The chaplains meet students where ever they are on their spiritual journeys



When lacrosse player John Price ’01 passed away suddenly during his junior year in 2000, it was the late Rev. Anthony Kuzniewski, S.J. — in his role as team chaplain — who helped Price’s teammates process their grief.

Together with then-coach Mike McCaffrey, Fr. K encouraged the team to honor Price’s devotion to service in the Worcester community by establishing a partnership with Worcester’s Big Brothers Big Sisters that still exists today.

“Since then, every member of the team and their coaches has been paired with a boy at the Canterbury Street School,” Fr. K wrote in his blog on the Holy Cross website in 2010. “In that time, the blessing associated with remembering John has flowed both to the boys and to their ‘big brothers.’”

As the team’s athletics chaplain, Fr. K not only led Mass and prayers, he also offered guidance for the team off the field as the players confronted their unexpected loss.

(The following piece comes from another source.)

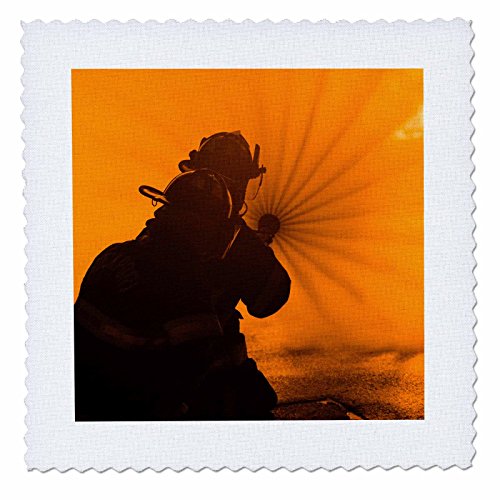 3dRose Massachusetts, Rockport, Fourth of July Bonfire, Firemen Quilt Square, 8 x 8"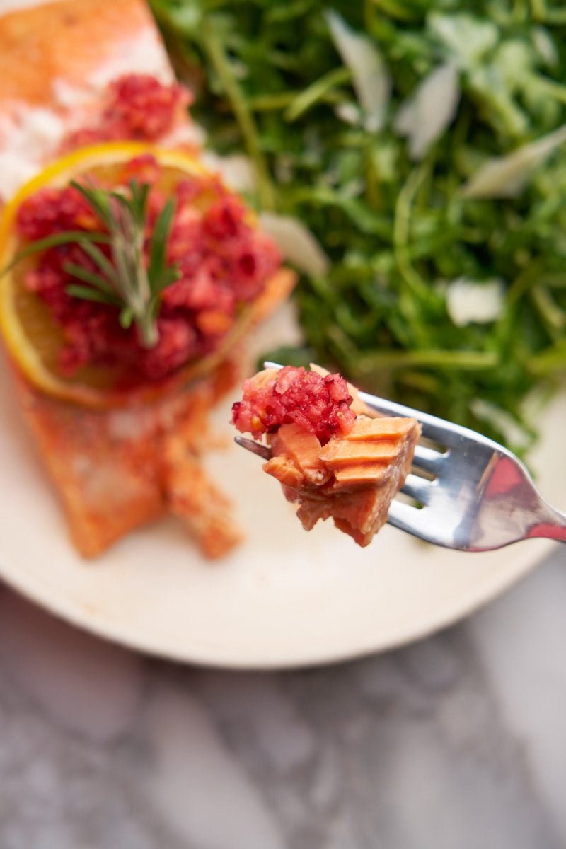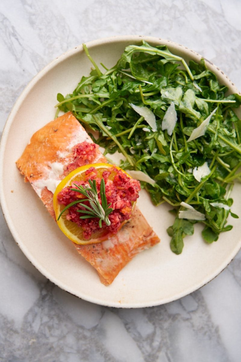 When the salmon is done baking, top with the cranberry relish and garnish with rosemary. Serve with arugula salad or your favorite green salad and enjoy.

“Fr. K was an instrumental part of supporting the men’s lacrosse team, particularly through the tragic passing of our teammate,” remembers Nick Washburn ’02, a player on the team at that time, who wrote to HCM after Fr. K’s death in December 2016.

It’s just one example of how the chaplains at Holy Cross reach out to students wherever they are — on the field, in the classroom or in the residence hall — to accompany them, both literally and spiritually, on their faith journeys.

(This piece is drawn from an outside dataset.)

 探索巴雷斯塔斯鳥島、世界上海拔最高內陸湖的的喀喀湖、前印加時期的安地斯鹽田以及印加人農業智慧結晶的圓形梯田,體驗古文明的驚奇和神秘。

The chaplains at Holy Cross are trained campus ministers, both Jesuit priests and lay people, who have studied theology and ministry and work to integrate the spiritual and academic experiences on campus.

Collaboration Across Campus

With a full-time staff of nine chaplains and the brand-new Thomas P. Joyce ’59 Contemplative Center as a resource, the Office of the College Chaplains thrives through collaboration across departments and disciplines.

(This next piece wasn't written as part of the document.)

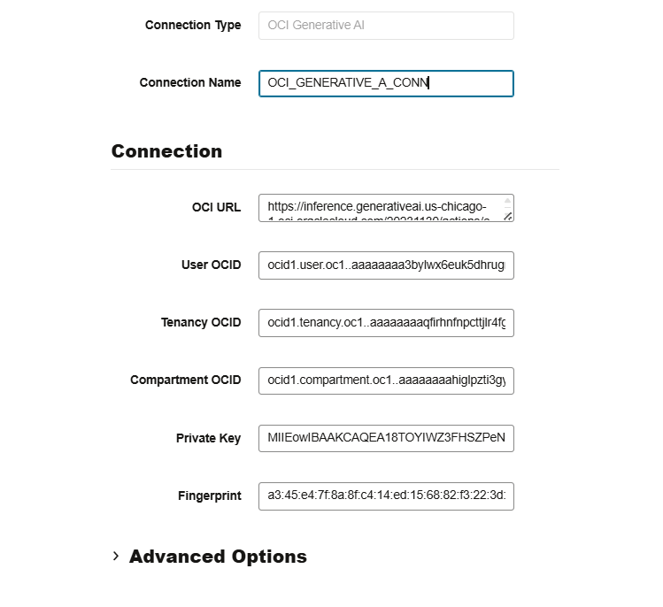 OCI URL – The endpoint URL of the OCI Generative AI service.

Beyond the retreats, service opportunities and liturgical ministry that have always been a hallmark of the office, the newest offerings bring the work of the chaplains together with academic affairs, student affairs, athletics and residence life — essentially, all aspects of campus life on The Hill.

“Of other liberal arts colleges, we are one of the few with a living faith tradition,” says Marybeth Kearns-Barrett ’84, the director of the Office of the College Chaplains. “I’m grateful that Holy Cross has seen that as worth pursuing and investing in. The size of our staff and the new contemplative center are a great reflection of the commitment to the College’s Jesuit and Catholic identity.”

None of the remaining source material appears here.